Source data Start Marker

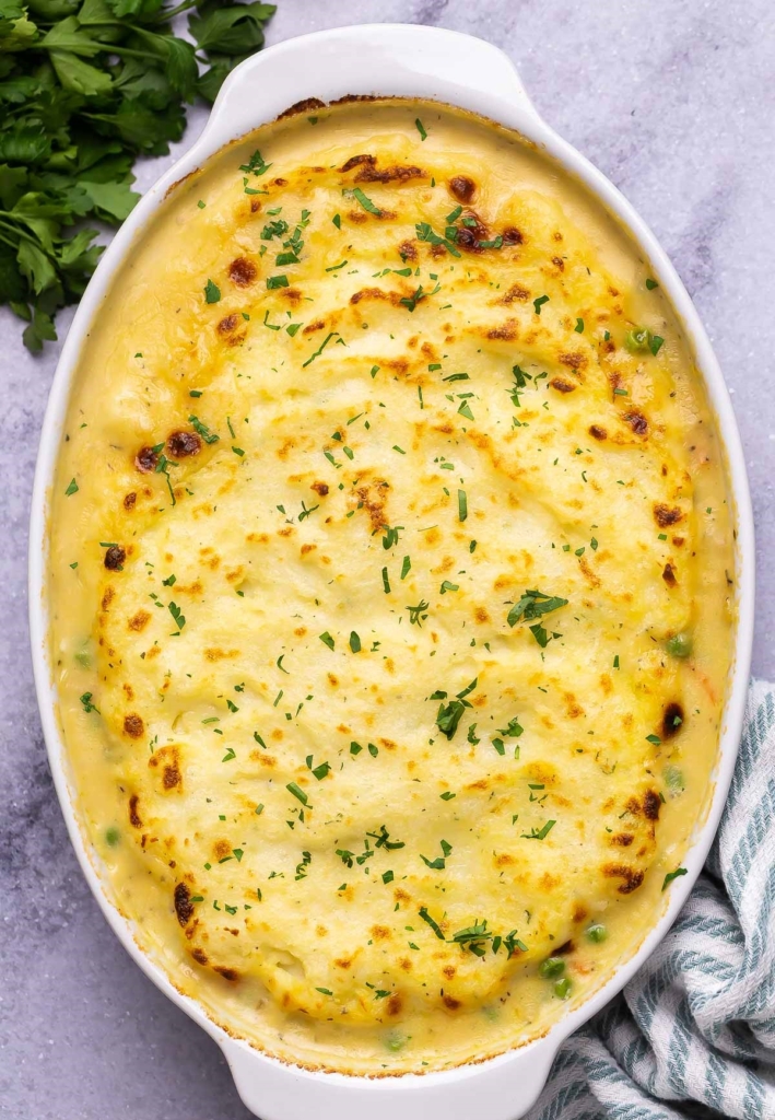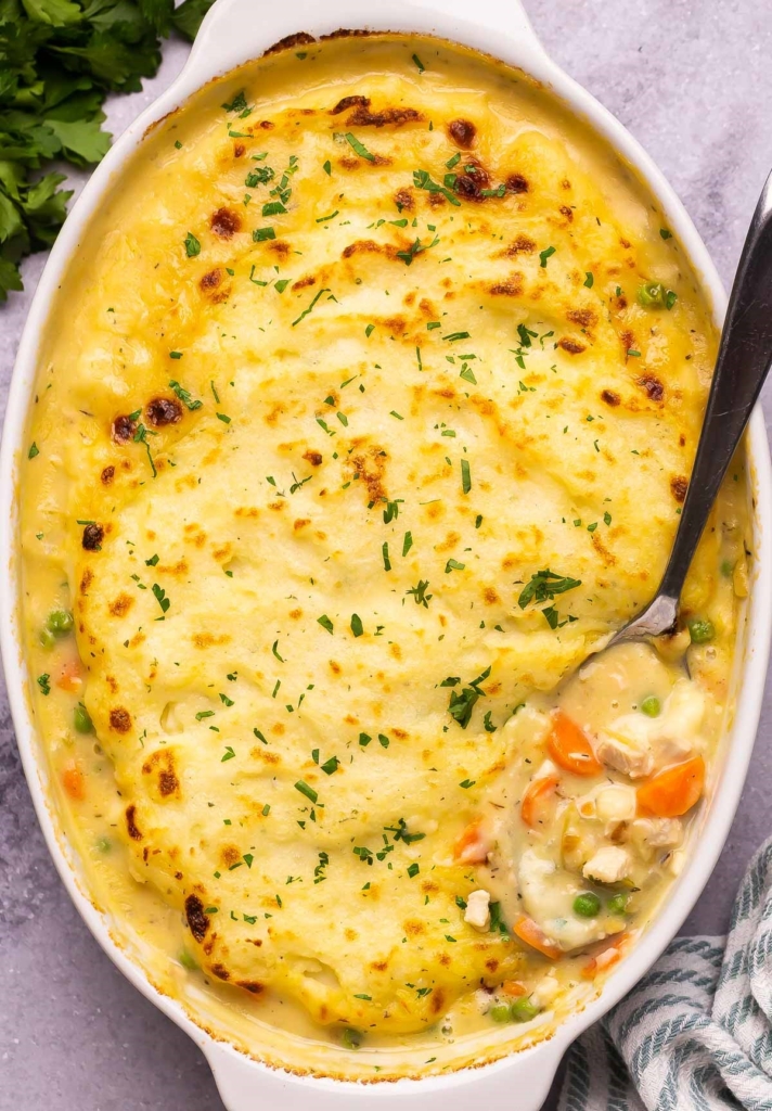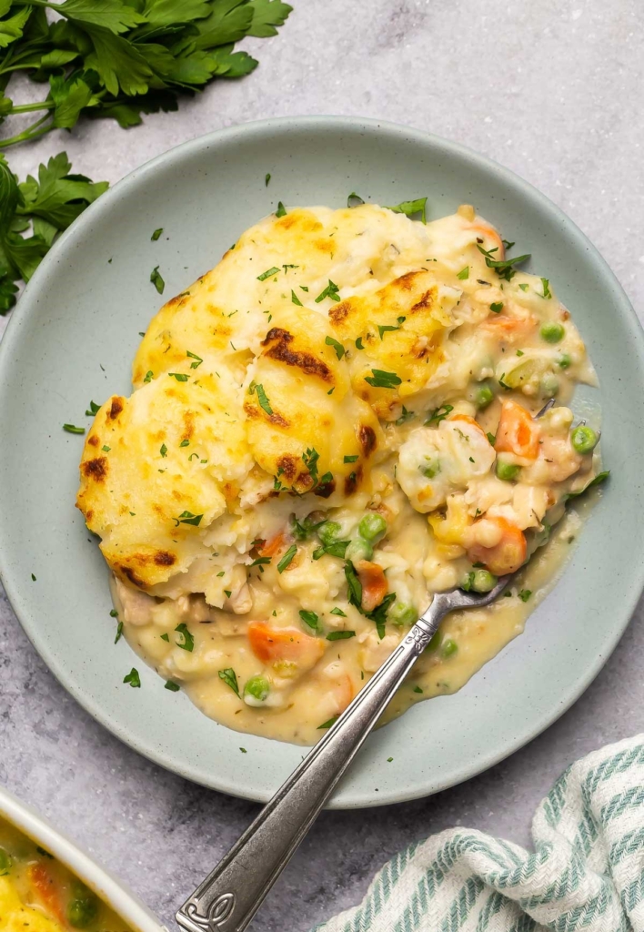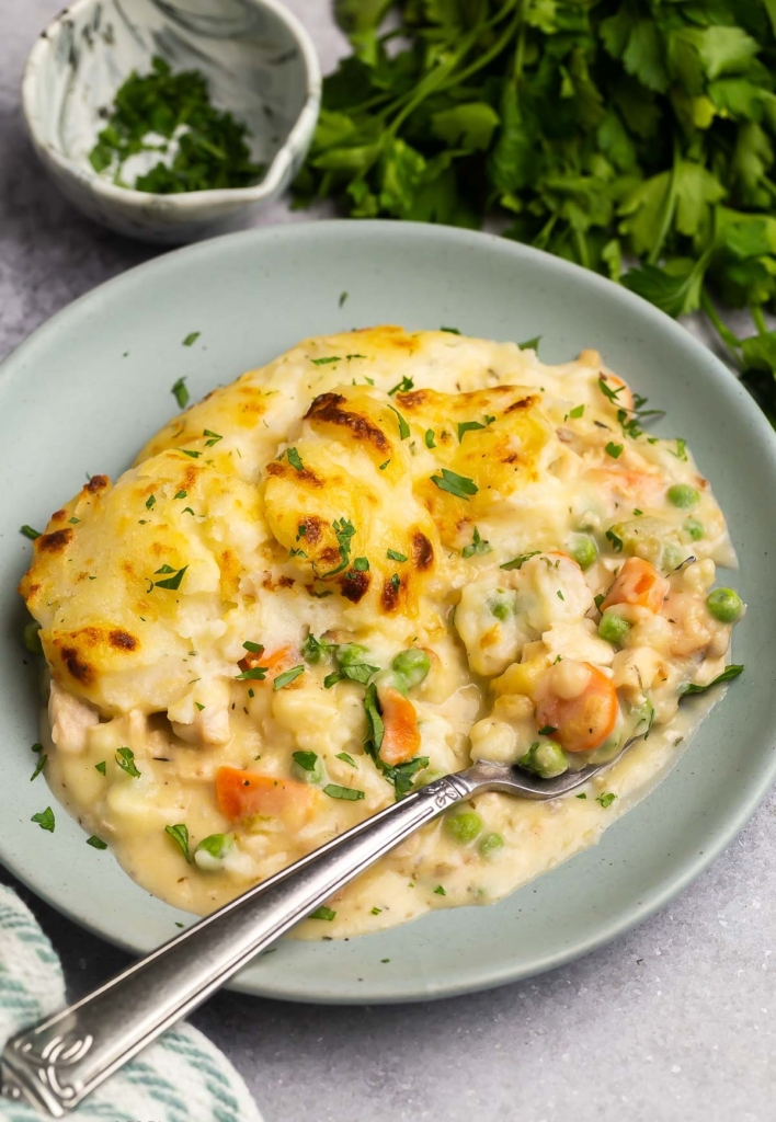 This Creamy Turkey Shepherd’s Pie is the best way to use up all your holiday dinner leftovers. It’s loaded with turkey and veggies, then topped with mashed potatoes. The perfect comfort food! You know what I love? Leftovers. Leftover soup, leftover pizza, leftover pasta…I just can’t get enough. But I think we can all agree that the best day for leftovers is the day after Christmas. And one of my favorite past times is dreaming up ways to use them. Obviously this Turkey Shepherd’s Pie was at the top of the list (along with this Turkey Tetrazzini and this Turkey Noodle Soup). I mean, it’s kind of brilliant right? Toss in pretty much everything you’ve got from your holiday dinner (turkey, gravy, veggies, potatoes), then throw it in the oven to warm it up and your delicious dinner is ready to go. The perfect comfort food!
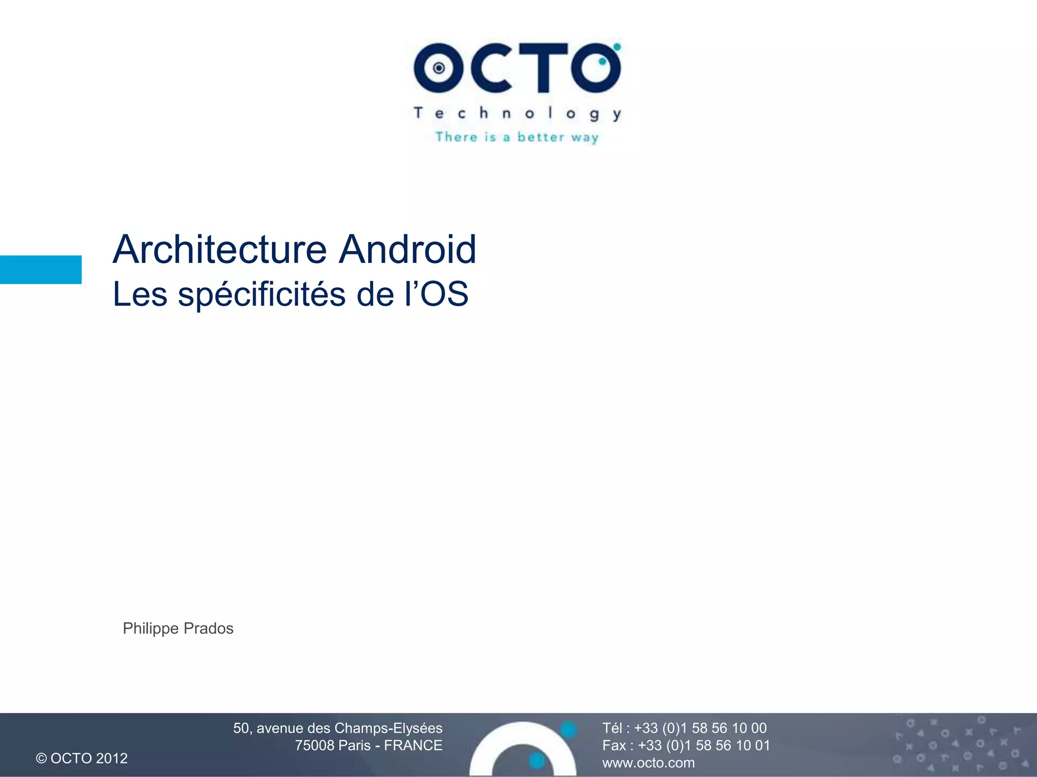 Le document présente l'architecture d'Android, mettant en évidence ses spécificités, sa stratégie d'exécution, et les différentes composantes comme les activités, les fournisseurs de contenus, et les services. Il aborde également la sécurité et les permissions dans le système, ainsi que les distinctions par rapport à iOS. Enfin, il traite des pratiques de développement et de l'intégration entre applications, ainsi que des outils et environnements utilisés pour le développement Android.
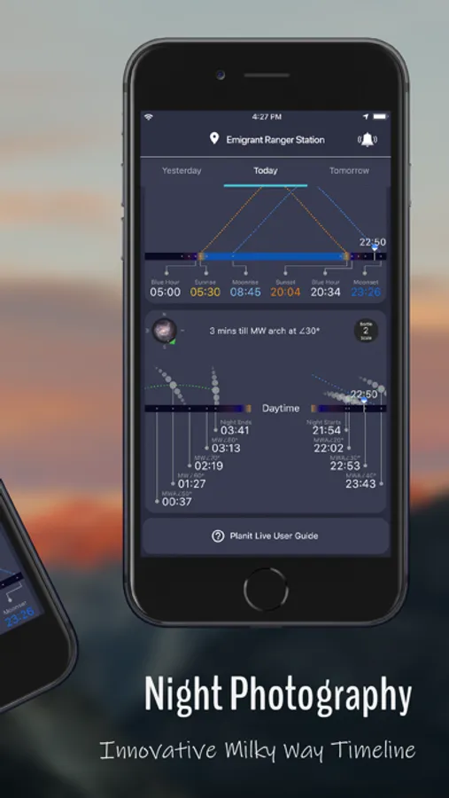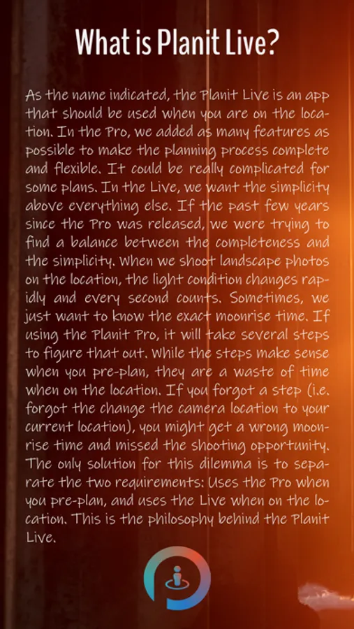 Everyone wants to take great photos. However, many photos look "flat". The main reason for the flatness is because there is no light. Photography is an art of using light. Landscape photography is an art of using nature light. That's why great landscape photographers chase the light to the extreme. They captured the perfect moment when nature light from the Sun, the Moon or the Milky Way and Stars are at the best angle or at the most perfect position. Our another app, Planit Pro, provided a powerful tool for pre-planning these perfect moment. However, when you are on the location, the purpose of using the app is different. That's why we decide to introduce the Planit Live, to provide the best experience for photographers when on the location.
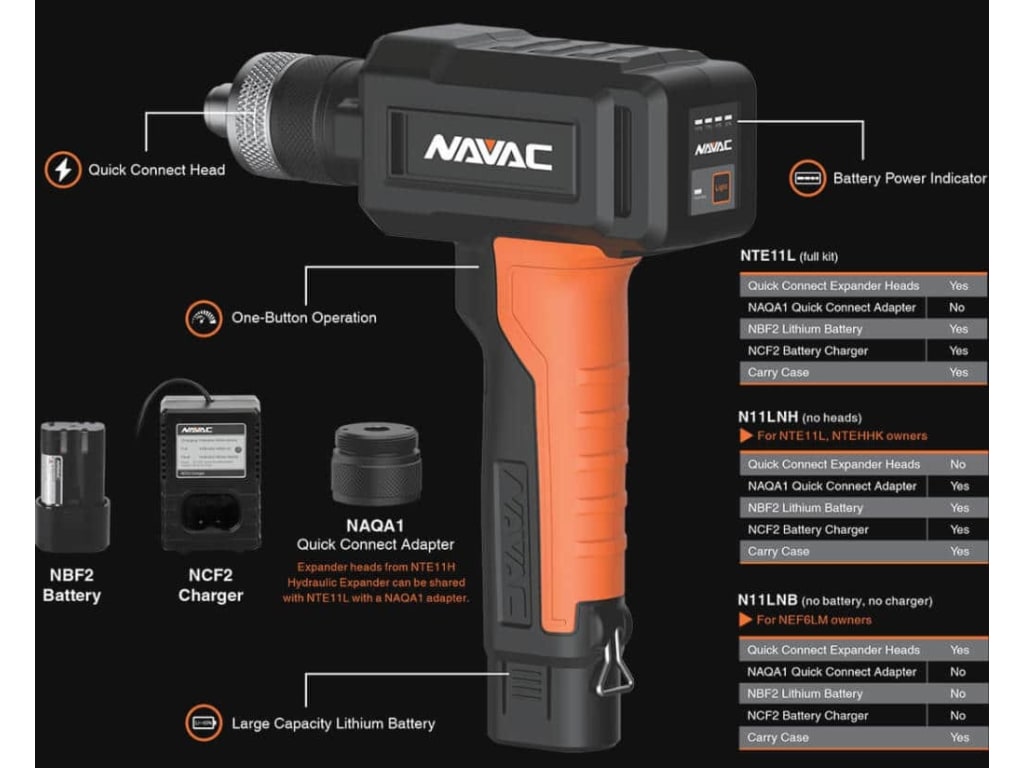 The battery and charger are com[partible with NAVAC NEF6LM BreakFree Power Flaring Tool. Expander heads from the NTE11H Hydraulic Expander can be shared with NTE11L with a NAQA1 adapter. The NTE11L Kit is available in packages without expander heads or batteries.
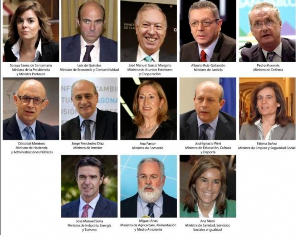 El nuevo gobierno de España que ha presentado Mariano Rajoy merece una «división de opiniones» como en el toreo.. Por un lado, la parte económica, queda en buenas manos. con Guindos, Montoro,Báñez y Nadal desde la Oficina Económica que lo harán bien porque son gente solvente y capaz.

Source data End Marker

What the task asks: When you retype the records, keep every word exactly as written and exclude the pictures.

Answer to the exercise:
 This Creamy Turkey Shepherd’s Pie is the best way to use up all your holiday dinner leftovers. It’s loaded with turkey and veggies, then topped with mashed potatoes. The perfect comfort food! You know what I love? Leftovers. Leftover soup, leftover pizza, leftover pasta…I just can’t get enough. But I think we can all agree that the best day for leftovers is the day after Christmas. And one of my favorite past times is dreaming up ways to use them. Obviously this Turkey Shepherd’s Pie was at the top of the list (along with this Turkey Tetrazzini and this Turkey Noodle Soup). I mean, it’s kind of brilliant right? Toss in pretty much everything you’ve got from your holiday dinner (turkey, gravy, veggies, potatoes), then throw it in the oven to warm it up and your delicious dinner is ready to go. The perfect comfort food!
 Le document présente l'architecture d'Android, mettant en évidence ses spécificités, sa stratégie d'exécution, et les différentes composantes comme les activités, les fournisseurs de contenus, et les services. Il aborde également la sécurité et les permissions dans le système, ainsi que les distinctions par rapport à iOS. Enfin, il traite des pratiques de développement et de l'intégration entre applications, ainsi que des outils et environnements utilisés pour le développement Android.
 Everyone wants to take great photos. However, many photos look "flat". The main reason for the flatness is because there is no light. Photography is an art of using light. Landscape photography is an art of using nature light. That's why great landscape photographers chase the light to the extreme. They captured the perfect moment when nature light from the Sun, the Moon or the Milky Way and Stars are at the best angle or at the most perfect position. Our another app, Planit Pro, provided a powerful tool for pre-planning these perfect moment. However, when you are on the location, the purpose of using the app is different. That's why we decide to introduce the Planit Live, to provide the best experience for photographers when on the location.
 The battery and charger are com[partible with NAVAC NEF6LM BreakFree Power Flaring Tool. Expander heads from the NTE11H Hydraulic Expander can be shared with NTE11L with a NAQA1 adapter. The NTE11L Kit is available in packages without expander heads or batteries.
 El nuevo gobierno de España que ha presentado Mariano Rajoy merece una «división de opiniones» como en el toreo.. Por un lado, la parte económica, queda en buenas manos. con Guindos, Montoro,Báñez y Nadal desde la Oficina Económica que lo harán bien porque son gente solvente y capaz.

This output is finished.